Given a text (e.g. a movie review), we need to predict whether this review is positive (class label = 1) or negative (class label = 0). We will work with two (2) types of preprocessing to create sequence for our model input: character-level and word-level.

## 3. Data Preprocessing

Basic data preprocessing for text sequence:

* Cleaning raw text data
    - remove HTML tags
    - remove non-informative characters
* Tokenizing raw text into array of word tokens (for word-level sequences)
* Create vocabulary index: character based and word based look up dictionary index
* Transform tokenized text into integer sequences (based on look up vocabulary index)

In [2]:
import os
import sys
import numpy as np
import pandas as pd
pd.options.display.max_colwidth = 100
import re
import nltk

DATA_PATH = 'amazon_data'
EMBEDDING_PATH = 'embedding'
MODEL_PATH = 'model'

Create above directories under your current working directory. Download data set provided and locate it in directory 'data' above.

### 3.1. Read data

In [3]:
# function to clean raw text data

def striphtml(html):
    p = re.compile(r'<.*?>')
    return p.sub('', html)

def clean(s):
    return re.sub(r'[^\x00-\x7f]', r'', s)

In [4]:
ex1_labelled_data = pd.read_csv(os.path.join(DATA_PATH,"example1_labelled.tsv"), header=0, delimiter="\t")

In [5]:
ex2_unlabelled_data = pd.read_csv(os.path.join(DATA_PATH,"example2_unlabelled.tsv"), header=0, delimiter="\t")
ex2_labelled_data = pd.read_csv(os.path.join(DATA_PATH,"example2_labelled.tsv"), header=0, delimiter="\t")

In [15]:
ex1_labelled_data

Unnamed: 0,label,review
0,camera,"My husband bought this camera about 3 months ago and we continue to love it...wow, what an impro..."
1,laptop,I got this notebook several months ago and I've had a great experience with it. I've had zero pr...
2,mobilephone,I have this phone for about 10 months.
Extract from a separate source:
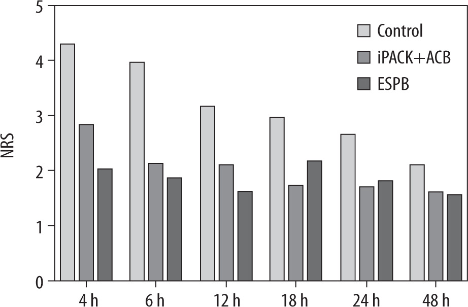The iPACK+ACB and L-ESPB group patients had lower NRS scores at all time points (4, 8, 12, 16, 20, and 24 hours after surgery) than the control group. The NRS scores 4 hours after the surgery were lower in the L-ESPB group compared to the iPACK+ACB group. The NRS scores did not differ between the iPACK+ACB and the L-ESPB groups at the remaining time points (8, 12, 16, 20, and 24 hours after surgery), as seen in Figure 6.
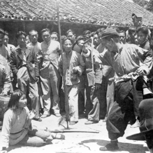 在国民党统治区,进步的文艺团体到农村演出抗战话剧《放下你的鞭子》。该剧是“国防戏剧”代表作。(新华社发)

The calls are clear in many places where I can't get my ...


In [16]:
ex2_unlabelled_data

Unnamed: 0,review
0,"I purchased the 20d in Feb 2011, around 7 years after it was first introduced. The camera was so..."
1,It's been 3 weeks now and I've only had minor voice mail setup issues. The phone itself is the ...
2,"I purchased this Z Series laptop about 5 months ago, its my first Sony laptop, Im a Mac fan, but..."
3,"When I first got this laptop (at a garage sale, broken) It was really slow and leggy so I instal..."
4,I love this phone. I've had my own for over a year now and have since bought one for my son and ...
5,I purchased this camera to replace my Casio EX-Z4 which broke. This camera takes great photos. ...
6,"My perfect camera has to do two things very well. First, it has to deliver superior results. S..."


In [17]:
ex2_labelled_data

Unnamed: 0,label,review
0,camera,"I purchased the 20d in Feb 2011, around 7 years after it was first introduced. The camera was so..."
1,mobilephone,It's been 3 weeks now and I've only had minor voice mail setup issues. The phone itself is the ...
2,laptop,"I purchased this Z Series laptop about 5 months ago, its my first Sony laptop, Im a Mac fan, but..."
3,laptop,"When I first got this laptop (at a garage sale, broken) It was really slow and leggy so I instal..."
4,mobilephone,I love this phone. I've had my own for over a year now and have since bought one for my son and ...
5,camera,I purchased this camera to replace my Casio EX-Z4 which broke. This camera takes great photos. ...
6,camera,"My perfect camera has to do two things very well. First, it has to deliver superior results. S..."


### 3.2. Clean data

### Cleaning training set

In [6]:
# this  will create a cleaned version of training set

train_docs = []
train_labels = []
for cont, label in zip(ex1_labelled_data.review, ex1_labelled_data.label):
    
    doc = clean(striphtml(cont))
    doc = doc.lower() 
    train_docs.append(doc)
    train_labels.append(label)

### Cleaning validation set

In [7]:
# this  will create a cleaned version of validation set
# we also need to extract labels from attribute 'id'

valid_docs =[]
valid_labels = []
for cont, label in zip(ex2_labelled_data.review, ex2_labelled_data.label):
    
    doc = clean(striphtml(cont))
    doc = doc.lower() 
    valid_docs.append(doc)
    valid_labels.append(label)

### 3.3. Build vocabulary index

### Word-level vocabulary index

In [8]:
# FUNCTION to tokenize documents into array list of words
# you may also use nltk tokenizer, sklearn tokenizer, or keras tokenizer - 
# but for the tutorial in text modeling, we will use below function: 

def tokenizeWords(text):
    
    tokens = re.sub(r"[^a-z0-9]+", " ", text.lower()).split()
    return [str(strtokens) for strtokens in tokens]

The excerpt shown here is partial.